可以看到,根据实验结果,LEMEVIT-tiny和LEMEVIT-small在不同光照条件下的表现差异明显。LEMEVIT-tiny在所有条件下的指标均略高于LEMEVIT-small,尤其在阴影和正常光照下,显示出更稳定的性能。而在阳光下,两个模型的性能均有所下降,但LEMEVIT-tiny依然保持较高的精度和召回率。总体而言,LEMEVIT-tiny在光照变化下具有更优越的适应性和稳定性,表现出更高的鲁棒性。当然本结果只针对我的数据集起作用,各位可以自己去实验。

列出模型的地址:https://github.com/ViTAE-Transformer/LeMeViT

以上为全部内容!

本文来自互联网用户投稿,该文观点仅代表作者本人,不代表本站立场。本站仅提供信息存储空间服务,不拥有所有权,不承担相关法律责任。如若转载,请注明出处:http://www.coloradmin.cn/o/1805825.html

如若内容造成侵权/违法违规/事实不符,请联系多彩编程网进行投诉反馈,一经查实,立即删除!

相关文章

【JS】理解闭包及其应用

历史小剧场 明朝灭亡&#xff0c;并非是简单的政治问题&#xff0c;事实上&#xff0c;这是世界经济史上的一个重要案例。 所谓没钱&#xff0c;就是没有白银。----《明朝那些事儿》 什么是闭包&#xff1f; 闭包就是指有权访问另一个函数作用域中变量的函数 闭包变量存储位置&…

数据结构【堆排序】

前言 在上一篇文章主要讲解了二叉树的基本概念和堆的概念以及接口的实现&#xff08;点此处跳转&#xff09; 我们简回顾下堆的基本概念&#xff1a; 1.堆分为大堆和小堆 大堆&#xff1a;父亲结点比左右孩子都大&#xff0c;根结点是最大的小堆&#xff1a;父亲结点比左右孩…

关于CodeCombat(沙漠)布朗噪声的攻略

关于CodeCombat(沙漠)//布朗噪声的攻略 总的来说怎么猥琐怎么来 1.走到墙角骷髅看不到的位置&#xff0c;让宠物制造噪音&#xff0c;然后英雄走过去&#xff0c;就是这样没错&#xff08;坐标之类能明白) 最后看看运行结果吧 Rec 0002 希望天天开心

CAN协议简介

协议简介 can协议是一种用于控制网络的通信协议。它是一种基于广播的多主机总线网络协议&#xff0c;常用于工业自动化和控制领域。can协议具有高可靠性、实时性强和抗干扰能力强的特点&#xff0c;被广泛应用于汽车、机械、航空等领域。 can协议采用了先进的冲突检测和错误检测…

C++系统编程篇——linux软件包管理器yum

Linux 软件包管理器yum (1)linux系统&#xff08;centos生态&#xff09; 安装方式有三种&#xff1a;源代码安装、rpm安装、yum安装&#xff08;最简单&#xff09; ls /etc/yum.repos.d/ 查看该路径下的文件 包含了用于配置 YUM 软件包管理器的仓库配置文件。这些配置文件…

QT-轻量级的笔记软件MyNote

MyNote v2.0 一个轻量级的笔记软件&#x1f4d4; Github项目地址: https://github.com/chandlerye/MyNote/tree/main 应用简介 MyNote v2.0 是一款个人笔记管理软件&#xff0c;没有复杂的功能&#xff0c;旨在提供便捷的笔记记录、管理以及云同步功能。基于Qt 6.6.3 个人开…

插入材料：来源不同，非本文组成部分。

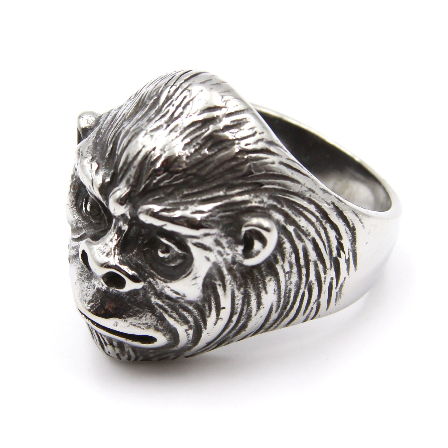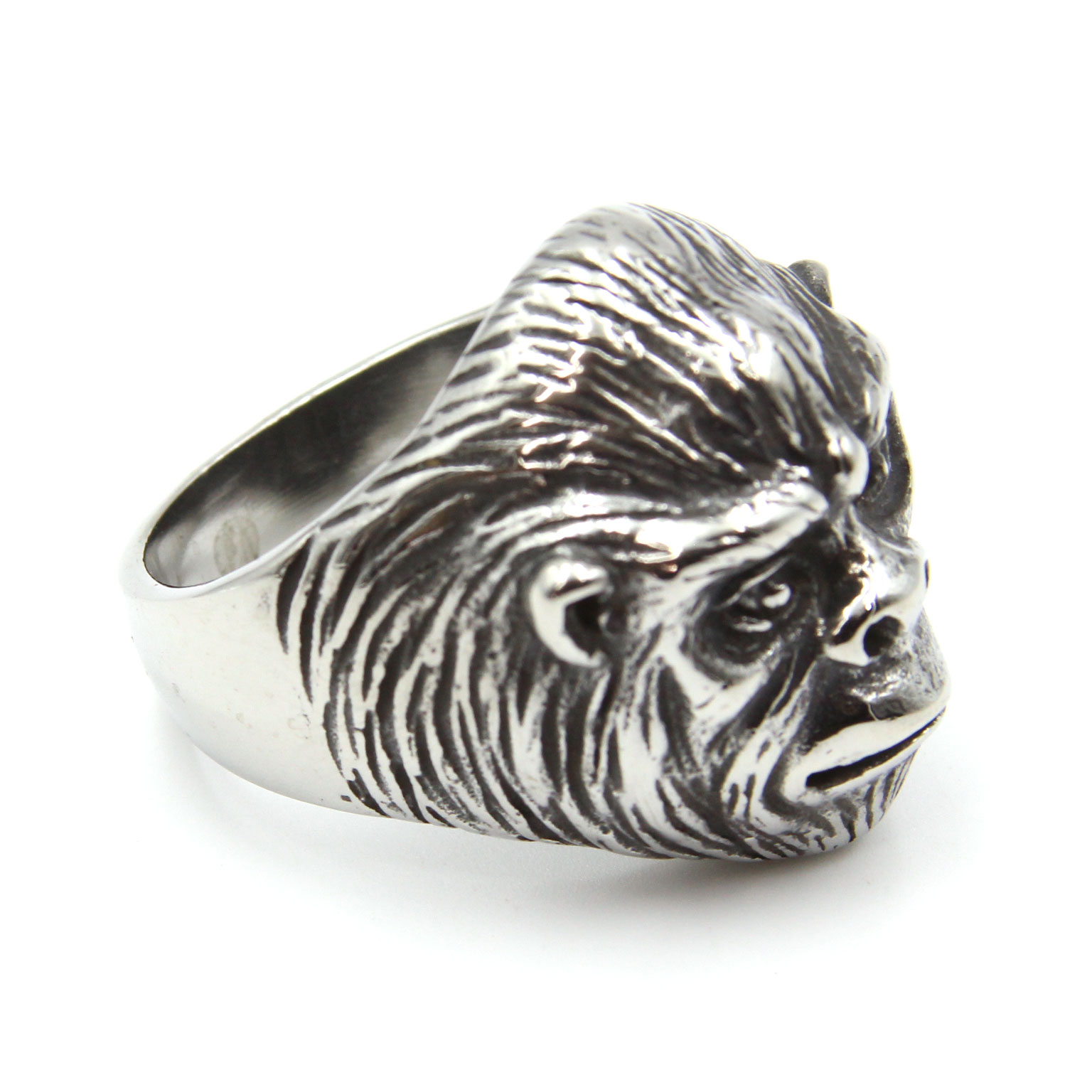 Anillo Acero Inoxidable Plateado Gorila King Kong
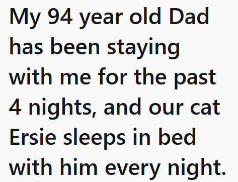 94-year-old dad visits his son, the family cat won't leave his side and sleeps in his bed every night like a fluffy feline guardian: ‘We think he knows that he needs extra support’
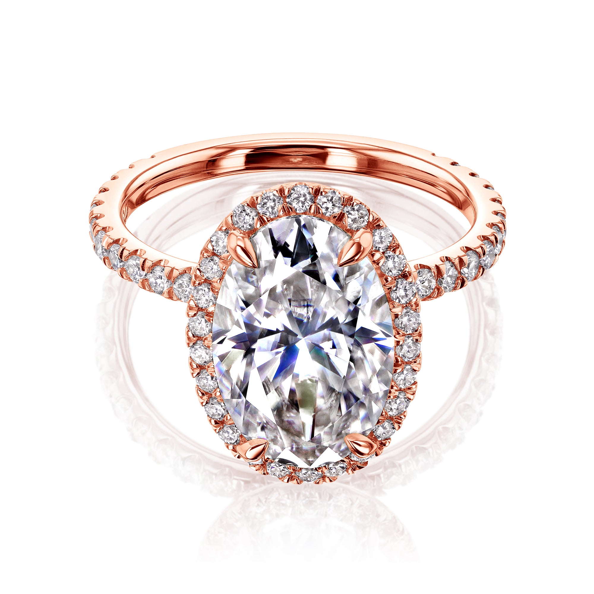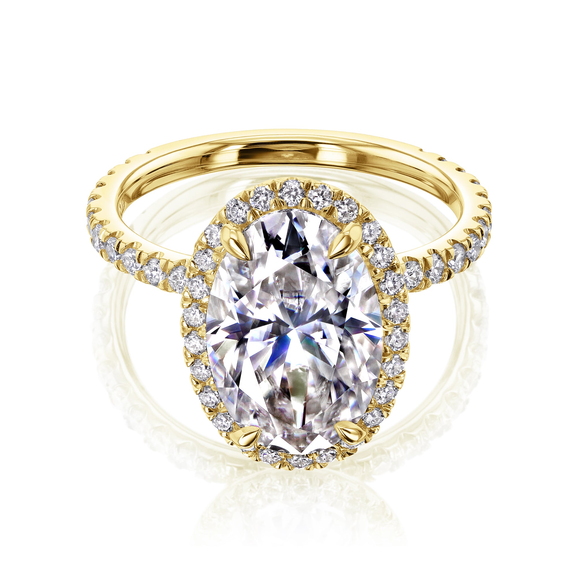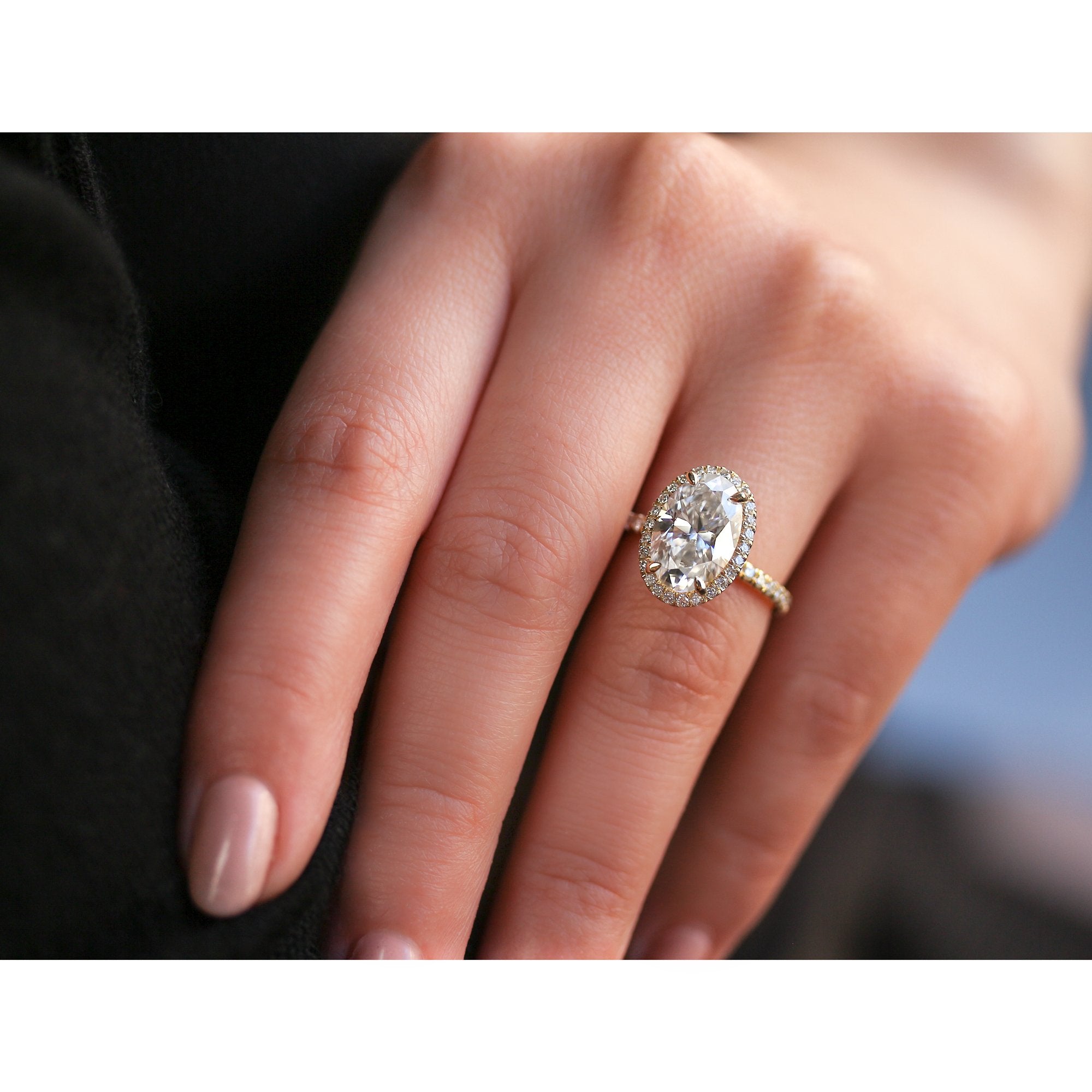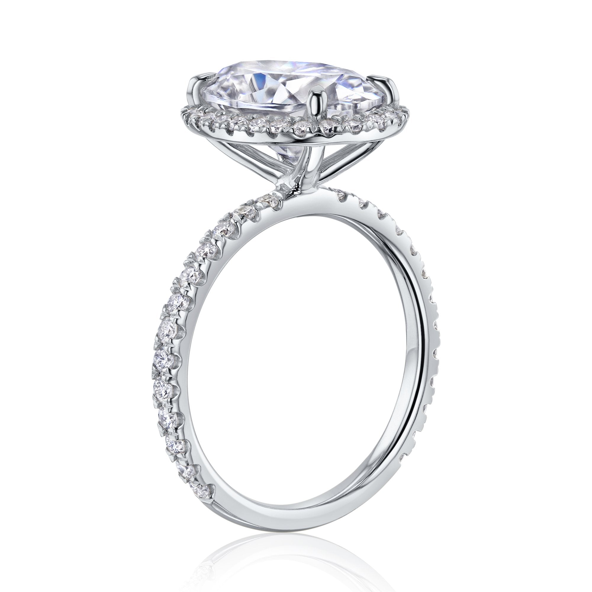 The Olivia 12x8 engagement ring features a 12x8 mm (4 carats diamond equivalent weight) oval moissanite center stone surrounded by a halo of lab-grown diamonds in a slim basket setting. The shank is illuminated with 52 pavé lab-grown diamonds in a semi-eternity fashion.

ASUS华硕ROG幻14Air笔记本GA403UI(UI UV UU UJ)工厂模式原厂Windows11系统安装包,带MyASUS in WinRE重置还原

适用型号&#xff1a;GA403UI、GA403UV、GA403UU、GA403UJ 链接&#xff1a;https://pan.baidu.com/s/1tz8PZbYKakfvUoXafQPLIg?pwd1mtc 提取码&#xff1a;1mtc 华硕原装WIN11系统工厂包带有ASUS RECOVERY恢复功能、自带面部识别,声卡,显卡,网卡,蓝牙等所有驱动、出厂主题…

大模型的演进之路:从萌芽到ChatGPT的辉煌

文章目录 ChatGPT&#xff1a;大模型进化史与未来展望引言&#xff1a;大模型的黎明统计模型的奠基深度学习的破晓 GPT系列&#xff1a;预训练革命GPT的诞生&#xff1a;预训练微调的范式转换GPT-2&#xff1a;规模与能力的双重飞跃GPT-3&#xff1a;千亿美元参数的奇迹 ChatGP…

(三)React事件

1. React基础事件绑定 语法&#xff1a; on 事件名称 { 事件处理程序 }&#xff0c;整体上遵循驼峰命名法 App.js //项目根组件 //App -> index.js -> public/index.html(root)function App() {const handleClick () > {console.log(button被点击了)}return (<…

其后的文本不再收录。